Hybrid structural arrangements mediate stability and feasibility in mutualistic networks
PRESENTER: Aniello Lampo

ABSTRACT. One of the largest debate in theoretical ecology concerns the emergence of structural patterns in interaction networks of biota. In addition to methodological problems, such as pattern identification, an important challenge regards the relationship between candidate architectures and the resulting dynamical behavior. In the case of mutualistic communities, the issue revolves mostly around two structural arrangements, nestedness and modularity, and two necessary requirements for ecological persistence: feasibility and stability. The former, defined as the probability to avoid extinctions, is strongly related to nestedness, while the latter is enhanced by modularity. Community persistence would require the two properties, and thus the coexistence of both nestedness and modularity, but this is problematic because of their antagonistic relationship. In this context, our work addresses the role of the interaction architecture in the maintenance of stability and feasibility, introducing the idea of hybrid architectural configurations. Specifically, we examine in-block nested networks, compound by weakly interlinked blocks (modules) with internal nested organization, and prove that they grant a balanced trade-off between stability and feasibility. Remarkably, we analyze a large amount of empirical communities and find that a relevant fraction of them exhibits a significant in-block nested character. We elaborate on the implications of these results, arguing that they provide new insights about the key properties ruling community assembly.
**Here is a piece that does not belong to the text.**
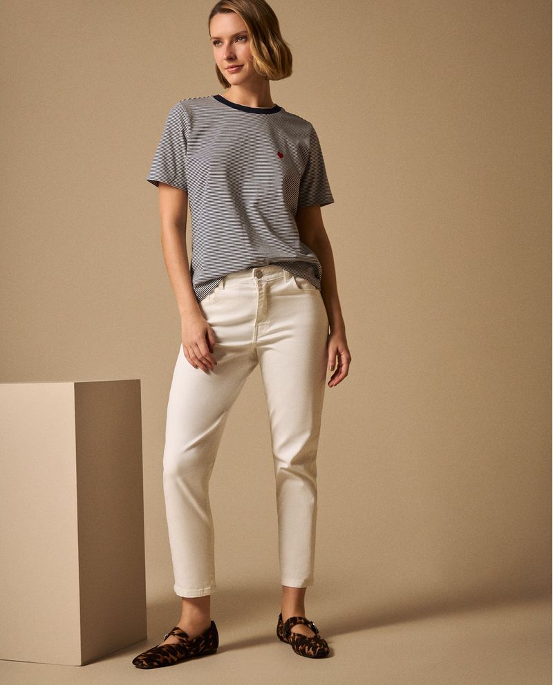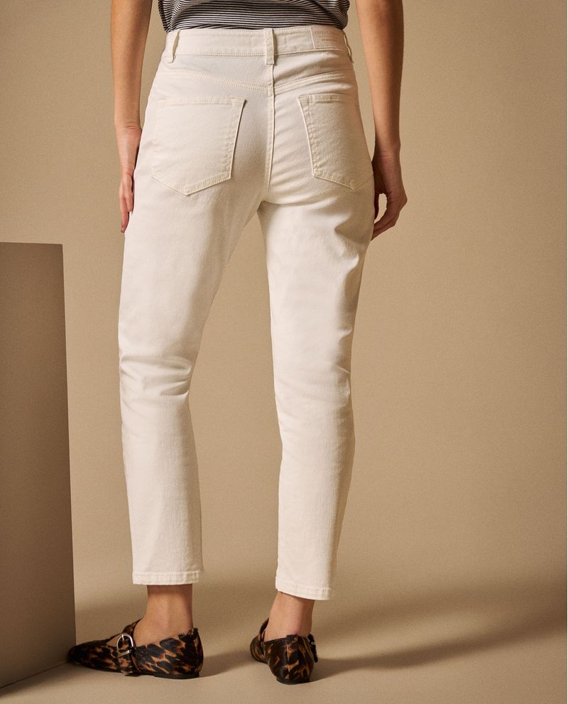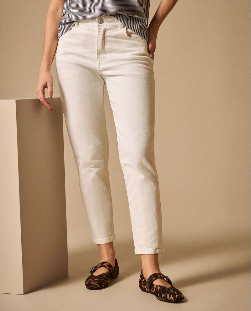 Jean mom en blanco puro con tiro alto que estiliza la silueta y corte relajado que brinda comodidad durante todo el día. Su largo cropped aporta frescura mientras que el fit mom ofrece libertad de movimiento sin sacrificar elegancia. Perfecto para crear looks casuales sofisticados que funcionan desde el café matutino hasta la cena con amigas.

Ecological Properties of Association Networks of Marine Microbes Abundances

ABSTRACT. Despite bacteria and viruses infecting them are a key part of the ocean ecosystem, we still have an incomplete understanding of their interaction. Given large the diversity of these subgroups, infection networks cannot be obtained simply by laboratory experiments. In recent years, association networks of microbial abundances have been used to study the ecological structure of this system. We show here that these association networks show significant ecological properties typical of host-parasite interactions, making them a good candidate for the underlying interaction network.